In Example 9.3, we used Gauss elimination to solve a set of linear algebraic equations that had the following coefficient matrix:
$[A] = \begin{bmatrix}3& −0.1& −0.2\\ 0.1& 7& −0.3\\ 0.3& −0.2& 10\end{bmatrix}$
After forward elimination, the following upper triangular matrix was obtained:
$[U ] = \begin{bmatrix}3&−0.1& −0.2\\ 0& 7.00333& −0.293333\\ 0& 0& 10.0120\end{bmatrix}$
The factors employed to obtain the upper triangular matrix can be assembled into a lower triangular matrix.
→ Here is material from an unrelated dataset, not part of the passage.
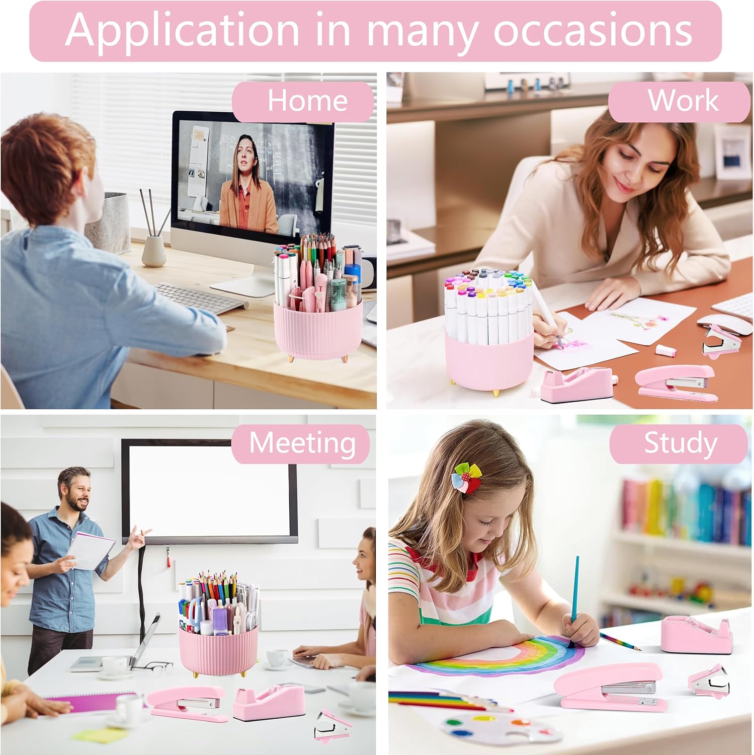 Pink Desk Accessories, Pink Office Supplies 360°Pen Holder Desk Organizers and Accessories with Tape Dispenser, Stapler, Staple Remover, 1000 Staples, Tape, Clips Set, Ruler, Scissor, Pen
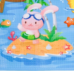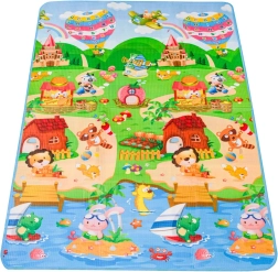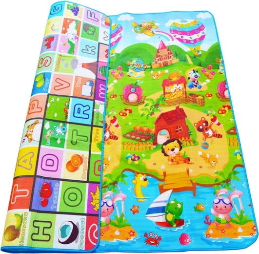 Un covoraș practic și distractiv pentru copii, care îmbină joaca și învățarea. O față afișează alfabetul, cealaltă un tărâm de basm cu animale. Datorită materialului moale covorașul izolează de frig, amortizează căderile și se curăță ușor – este suficient să fie șters cu o cârpă umedă. Pliabil și ușor, ideal pentru camera copiilor.

The elements $a_{21} \text{ and } a_{31}$ were eliminated by using the factors
$f_{21} = \frac{0.1}{3} = 0.0333333$              $f_{31} = \frac{0.3}{3} = 0.1000000$
and the element $a_{32}$ was eliminated by using the factor
$f_{32} = \frac{−0.19}{7.00333} = −0.0271300$
Thus, the lower triangular matrix is
[L ] = $\begin{bmatrix}1 &0& 0\\ 0.0333333& 1& 0\\ 0.100000& −0.0271300& 1\end{bmatrix}$
Consequently, the LU factorization is

[A] = [L ] [U ] = $\begin{bmatrix}1 &0 &0\\ 0.0333333& 1& 0\\ 0.100000& −0.0271300& 1\end{bmatrix} \begin{bmatrix}3& −0.1& −0.2\\ 0& 7.00333& −0.293333\\ 0& 0& 10.0120\end{bmatrix}$

This result can be verified by performing the multiplication of [L][U] to give

[L ] [U ] = $\begin{bmatrix}3& −0.1& −0.2\\ 0.0999999& 7& −0.3\\ 0.3 &−0.2& 9.99996\end{bmatrix}$

where the minor discrepancies are due to roundoff.